La politique de cohésion a été fortement remise en cause au début des années 2000, à la suite de la publication du rapport Sapir. Toutefois, elle a été sauvée grâce au fait que les grandes stratégies pour l'Union européenne, la stratégie de Lisbonne et de Göteborg, ont privilégié la compétitivité et l'innovation, d'une part, et le développement durable, d'autre part. L'idée de la politique de cohésion est de donner des chances à des territoires en les dynamisant, de se donner les moyens de la concurrence avec les États-Unis et la Chine, tout en respectant des principes de cohésion. Dans les pays intermédiaires ou plus développées, ces objectifs ont entraîné une concentration thématique dans les régions et territoires les plus dynamiques. Or, il est très difficile de favoriser les équilibres territoriaux lorsque l'on consacre une part importante de ces crédits à l'innovation et de la recherche. On peut souvent manquer de porteurs de projets potentiels dans les territoires les moins développés qui disposent pourtant de davantage de crédits. D'un côté, les allocations financières donnent des moyens conséquents pour les régions en décrochage, mais, en même temps, la nature des projets financés en matière de compétitivité favorise les régions les plus développés. Par ailleurs, les coûts de gestion de ces fonds sont élevés. Entre choisir trois priorités à financer, ou en choisir dix, les coûts de gestion ne sont pas les mêmes. On s'aperçoit par ailleurs que les taux de cofinancement européen ne sont pas utilisés à leur maximum : au lieu de mettre 50 % de FEDER sur un projet, vous allez parfois cofinancer deux projets à 25 %, mais cela coûte deux fois plus cher en coûts de gestion. Il y a un équilibre à trouver entre les choix politiques et les choix de gestion qui in fine doivent se rejoindre.

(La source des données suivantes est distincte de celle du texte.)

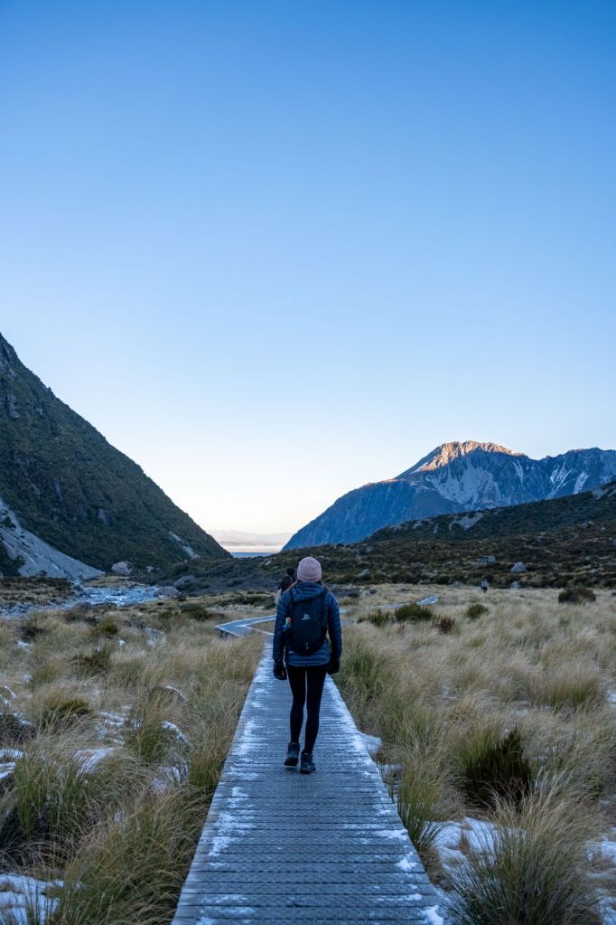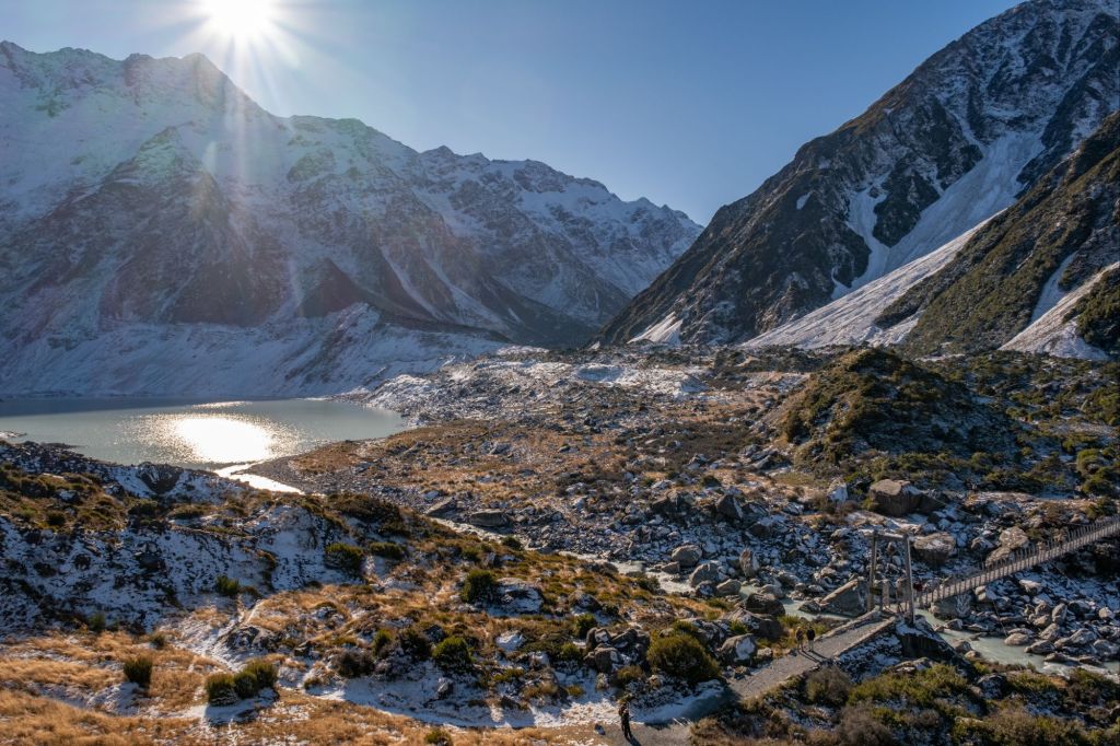 Hooker Valley Track (près du Mont Cook) ❤️ : jolie promenade de 10km à plat, avec petits ponts au-dessus des ruisseaux, et arrivée au Hooker Lake avec son glacier

Jusqu'où peut-on également accompagner les porteurs de projets ? Il ne s'agit pas de ne plus accompagner les petits porteurs de projets, mais dans certains domaines d'intervention, les coûts de gestion sont trop élevés pour agir sans discernement. Les coûts de gestion d'un projet FEADER sont d'environ 5 000 euros ; or sur certains programmes LEADER, on trouve encore des exemples rares heureusement de projets situés entre 50 et 500 euros. Le coût d'instruction d'un projet FEDER est de 12 000 euros environ. L'équilibre à trouver est à mi-chemin entre le politique et la gestion, mais la gestion est devenue également un problème politique. Si le coût de gestion est trop élevé, l'autorité de gestion ne dispose plus de moyens suffisants pour animer un territoire et bien utiliser ces fonds. Sur le programme LEADER, il existe aujourd'hui 340 groupes d'action locale (GAL) en France. L'enveloppe du programme est de 680 millions d'euros, soit 280 000 euros par GAL et par an. Aide-t-on les territoires ruraux les plus en difficulté avec LEADER ? C'est une vraie question. Avec un nombre réduit de GAL, 50 par exemple, vous pouvez faire de la cohésion territoriale, mais avec 340 GAL, l'objectif n'est pas le même, il s'agit de l'animation de territoires ruraux, pas de cohésion territoriale à proprement parler compte-tenu de la faible intensité financière par habitant.
La question de l'échelle de l'intervention et de l'action publique se pose dans la gestion des fonds européens. Comment plaquer un modèle national sur des modèles régionaux qui ont leur propre légitimité ? Pour les quartiers prioritaires de la ville, certaines régions ont choisi de sélectionner 30 quartiers prioritaires, d'autres 3, les effets sont nécessairement différents. Il faut trouver le juste équilibre pour faire rentrer une dimension européenne soit dans un nombre limité de territoires, soit en ciblant davantage les priorités à financer. L'équation n'est pas simple.